Para piorar o cenário já desolador, entre os anos de 2014 e 2018, houve uma redução de 12,3% nos investimentos totais em água e esgoto no Brasil. Citando um exemplo – em 2018, o investimento em sistemas de abastecimento de água foi de apenas R$ 5,7 bilhões, uma redução de 7,1% em relação ao investido em 2014. Em sistemas de coleta e tratamento de esgotos a redução foi ainda maior – houve uma diminuição de 30,9%. 

Além de se encontrarem em níveis muito aquém das necessidades do país, os investimentos em sistemas de água e esgotos se deram de forma desigual entre as diferentes Regiões do Brasil. Na Região Sudeste, por exemplo, onde vive cerca de 42% da população do Brasil, os investimentos em sistemas de abastecimento de água entre 2014 e 2017 responderam por uma fatia de 54,35% do volume total de investimentos do país nessa área – em 2018 houve uma pequena redução e o investimento correspondeu a 49,7% do total. 

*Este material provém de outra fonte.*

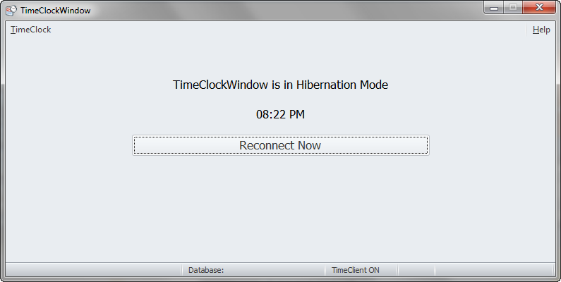 When in Hibernate mode the screen will look like seen below. Clicking Reconnect Now will return to normal.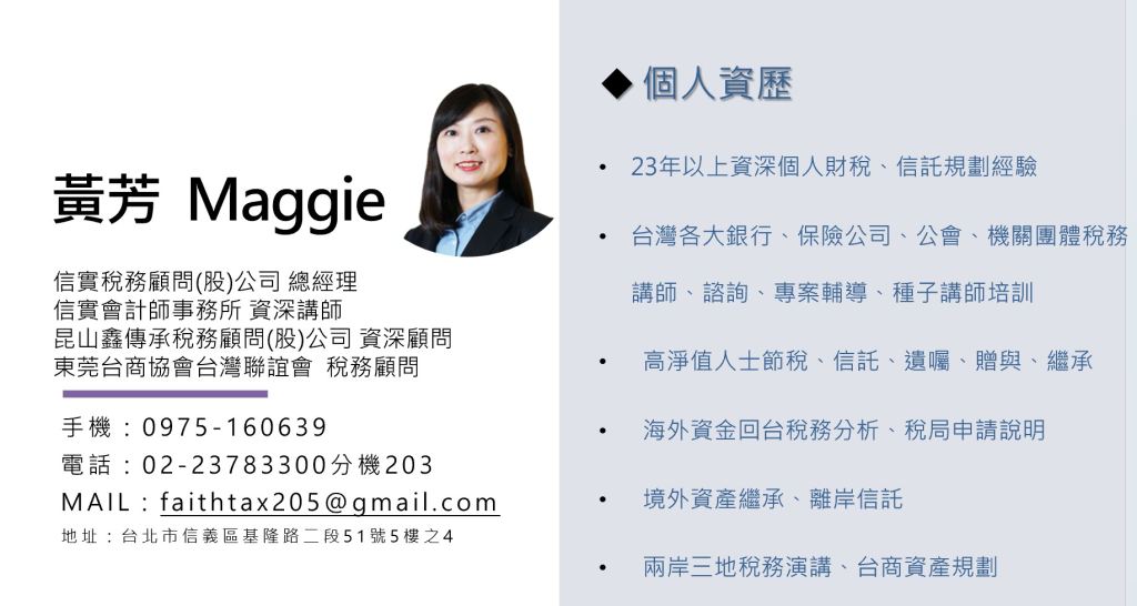 黃芳老師 現任信實稅務顧問(股)公司總經理,並擔任信實稅務顧問(股)公司專任資深財稅與信託講師,擁有超過23年的財稅實務經驗,同時也是信實會計師事務所專任財稅講師。

Quando se trata de investimentos em redes de coleta e sistemas de tratamento de esgotos, os volumes da Região Sudeste totalizaram 54,65% dos investimentos totais do país. Em 2018, também houve uma redução desses valores, caindo para cerca de 51% do volume total. 

Já na Região Norte, que concentra a menor população entre todas as Regiões brasileiras, os investimentos em água e esgotos não chegaram a atender, proporcionalmente, nem a metade da população. A região abriga 8,72% da população brasileira, mas recebeu apenas o equivalente a 3,77% dos investimentos totais do país em sistemas de abastecimento de água entre 2014 e 2017 – em 2018, essa participação aumentou um pouco, atingindo o percentual de 4,29%. Os investimentos em sistemas de coleta e tratamento de esgotos foram de 3,3%, caindo para 2,91% em 2018. 

Após vários anos de turbulência política, recessão econômica e, atualmente, vivendo uma grande crise social e econômica por causa da pandemia da Covid-19, é fácil perceber que nosso país não dispõe de recursos para fazer todos os investimentos necessários para que se atinja a tão sonhada universalização dos serviços de abastecimento de água e de coleta e tratamento dos esgotos. É justamente aqui que o Novo Marco do Saneamento entra, abrindo espaço para o investimento privado nesse tão importante setor. 

No caso da concessão de parte desses serviços nas regiões de atuação da CEDAE no Rio de Janeiro, os dois consórcios vencedores do leilão assumiram o compromisso de fazer investimentos da ordem de R$ 30 bilhões ao longo do período da concessão que é de 35 anos. Considerando-se o tamanho da população do Rio de Janeiro, podemos estimar que grande parte da questão da universalização já está bem encaminhada no Estado, apesar de ser atingida apenas por volta do ano 2056 (estou considerando nessa conta o período total da concessão dos serviços). 

Privatizar esses serviços em Estados grandes e ricos é fácil – resta saber se nos demais Estados da Federação haverá o mesmo apetite das empresas privadas pela concessão dos mesmos serviços, uma questão que fica ainda mais delicada nos Estados mais pobres e nas cidades menores e/ou nos pequenos povoados mais isolados dos sertões do país. 

Pessoalmente, eu tenho minhas dúvidas sobre os rumos do saneamento básico aqui no país, especialmente no que se refere a sistemas de esgotos. Eu trabalhei por quase 10 anos em obras desse tipo – são obras caras, de realização problemática e bem demoradas. Sem a garantia de um bom e rápido retorno financeiro, não sei quantas empresas privadas vão querer “encarar” esses serviços nas “quebradas” do Brasil.